▶ _WHAT TO WORK ON_
Print the data once more, exactly as given. Drop the pictures.
--- START ---
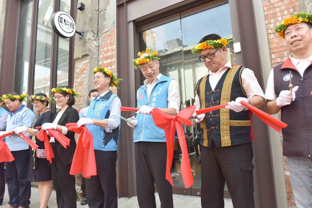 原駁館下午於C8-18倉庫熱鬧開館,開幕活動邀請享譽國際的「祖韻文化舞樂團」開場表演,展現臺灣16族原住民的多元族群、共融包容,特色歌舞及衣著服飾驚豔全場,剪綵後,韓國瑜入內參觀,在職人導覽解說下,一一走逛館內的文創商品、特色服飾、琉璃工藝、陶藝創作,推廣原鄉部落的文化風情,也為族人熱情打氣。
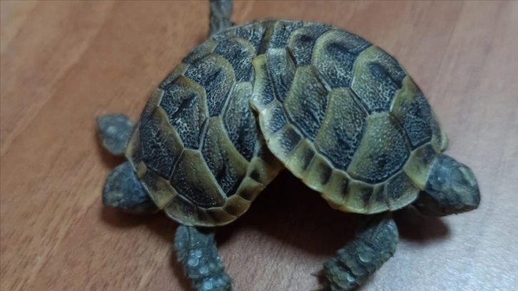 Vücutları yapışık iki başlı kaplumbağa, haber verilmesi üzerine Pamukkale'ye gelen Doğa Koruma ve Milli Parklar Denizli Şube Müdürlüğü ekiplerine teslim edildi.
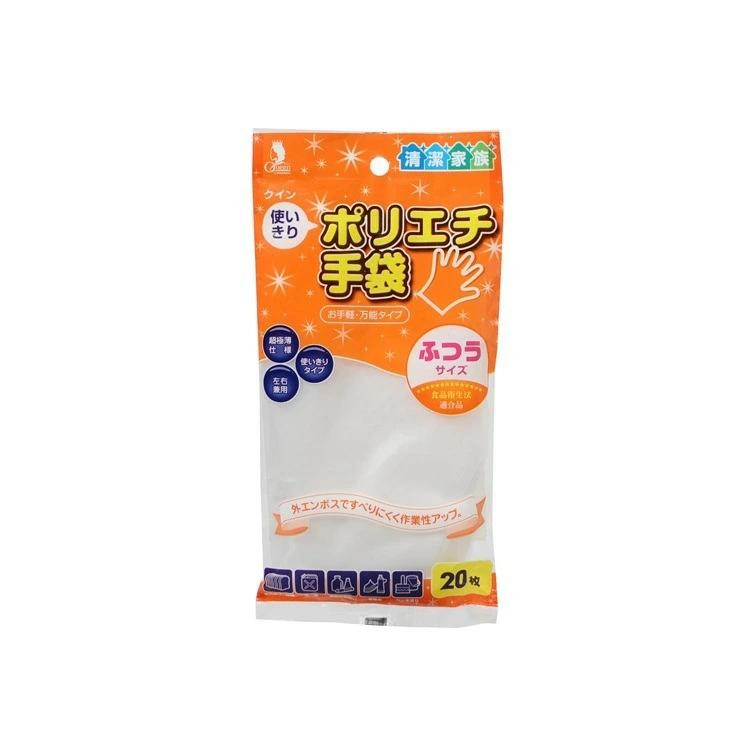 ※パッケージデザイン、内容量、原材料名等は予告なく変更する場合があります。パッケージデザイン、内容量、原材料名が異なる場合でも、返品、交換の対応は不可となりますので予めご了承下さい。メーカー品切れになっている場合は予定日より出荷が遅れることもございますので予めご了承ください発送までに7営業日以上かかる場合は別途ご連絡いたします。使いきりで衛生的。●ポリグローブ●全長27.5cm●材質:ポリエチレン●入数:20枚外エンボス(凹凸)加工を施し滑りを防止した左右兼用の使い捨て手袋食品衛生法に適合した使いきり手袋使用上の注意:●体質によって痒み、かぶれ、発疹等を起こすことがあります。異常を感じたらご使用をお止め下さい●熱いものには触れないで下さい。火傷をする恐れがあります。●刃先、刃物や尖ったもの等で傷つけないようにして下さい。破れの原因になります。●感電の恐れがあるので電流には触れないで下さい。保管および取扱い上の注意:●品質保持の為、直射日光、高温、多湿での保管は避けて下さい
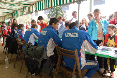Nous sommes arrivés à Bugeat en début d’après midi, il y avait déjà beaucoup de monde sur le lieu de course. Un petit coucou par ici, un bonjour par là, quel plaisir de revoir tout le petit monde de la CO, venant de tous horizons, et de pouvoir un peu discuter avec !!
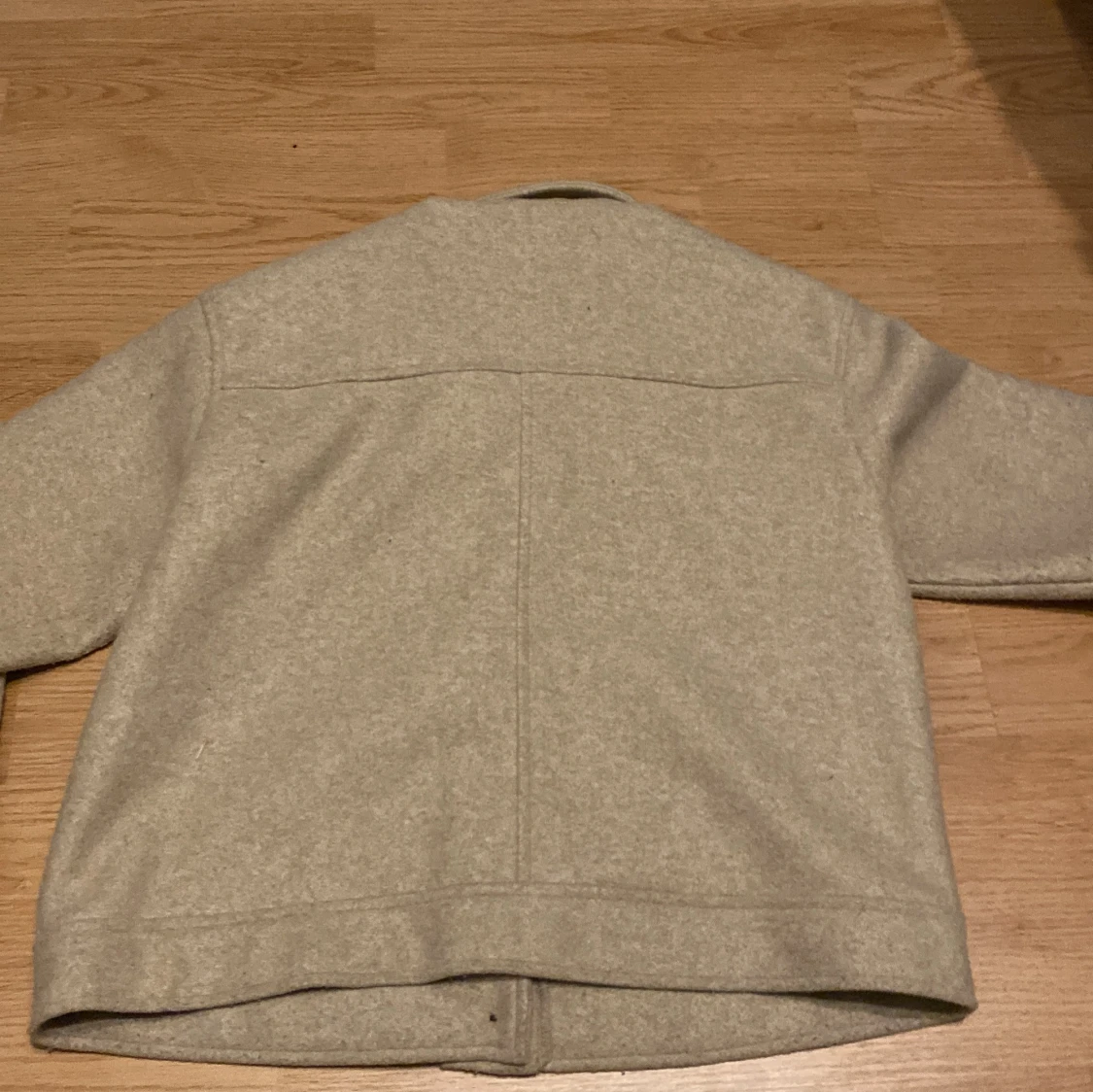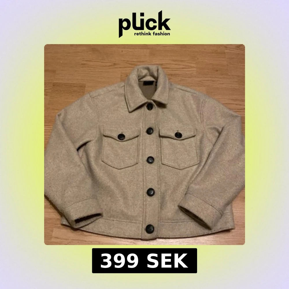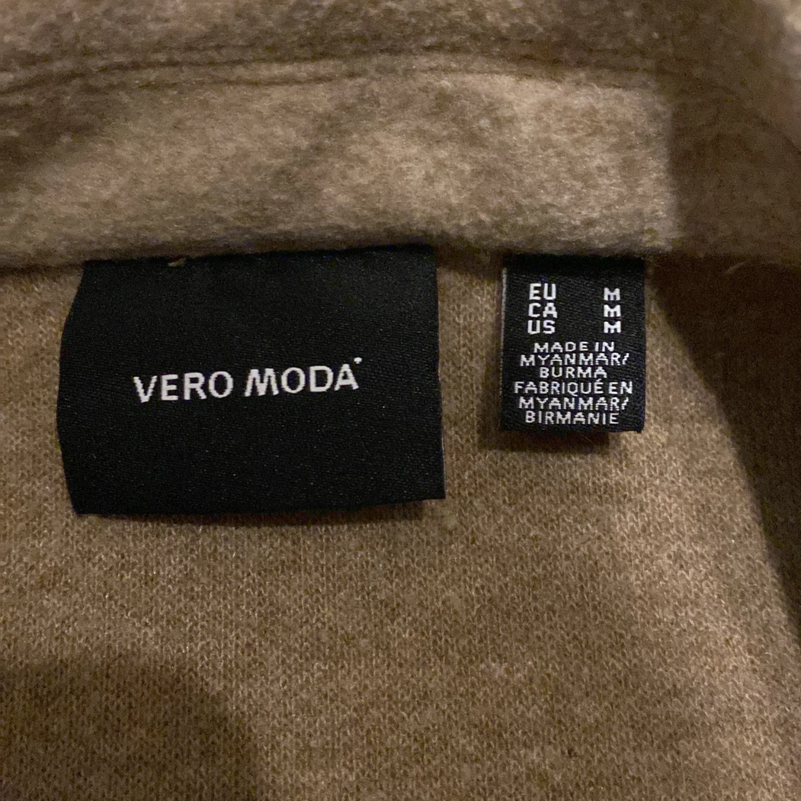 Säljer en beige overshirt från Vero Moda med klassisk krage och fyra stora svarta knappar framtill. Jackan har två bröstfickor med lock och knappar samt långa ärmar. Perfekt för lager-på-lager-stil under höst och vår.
--- END ---
▶ _SOLVED EXERCISE_
 原駁館下午於C8-18倉庫熱鬧開館,開幕活動邀請享譽國際的「祖韻文化舞樂團」開場表演,展現臺灣16族原住民的多元族群、共融包容,特色歌舞及衣著服飾驚豔全場,剪綵後,韓國瑜入內參觀,在職人導覽解說下,一一走逛館內的文創商品、特色服飾、琉璃工藝、陶藝創作,推廣原鄉部落的文化風情,也為族人熱情打氣。
 Vücutları yapışık iki başlı kaplumbağa, haber verilmesi üzerine Pamukkale'ye gelen Doğa Koruma ve Milli Parklar Denizli Şube Müdürlüğü ekiplerine teslim edildi.
 ※パッケージデザイン、内容量、原材料名等は予告なく変更する場合があります。パッケージデザイン、内容量、原材料名が異なる場合でも、返品、交換の対応は不可となりますので予めご了承下さい。メーカー品切れになっている場合は予定日より出荷が遅れることもございますので予めご了承ください発送までに7営業日以上かかる場合は別途ご連絡いたします。使いきりで衛生的。●ポリグローブ●全長27.5cm●材質:ポリエチレン●入数:20枚外エンボス(凹凸)加工を施し滑りを防止した左右兼用の使い捨て手袋食品衛生法に適合した使いきり手袋使用上の注意:●体質によって痒み、かぶれ、発疹等を起こすことがあります。異常を感じたらご使用をお止め下さい●熱いものには触れないで下さい。火傷をする恐れがあります。●刃先、刃物や尖ったもの等で傷つけないようにして下さい。破れの原因になります。●感電の恐れがあるので電流には触れないで下さい。保管および取扱い上の注意:●品質保持の為、直射日光、高温、多湿での保管は避けて下さい
Nous sommes arrivés à Bugeat en début d’après midi, il y avait déjà beaucoup de monde sur le lieu de course. Un petit coucou par ici, un bonjour par là, quel plaisir de revoir tout le petit monde de la CO, venant de tous horizons, et de pouvoir un peu discuter avec !!
 Säljer en beige overshirt från Vero Moda med klassisk krage och fyra stora svarta knappar framtill. Jackan har två bröstfickor med lock och knappar samt långa ärmar. Perfekt för lager-på-lager-stil under höst och vår.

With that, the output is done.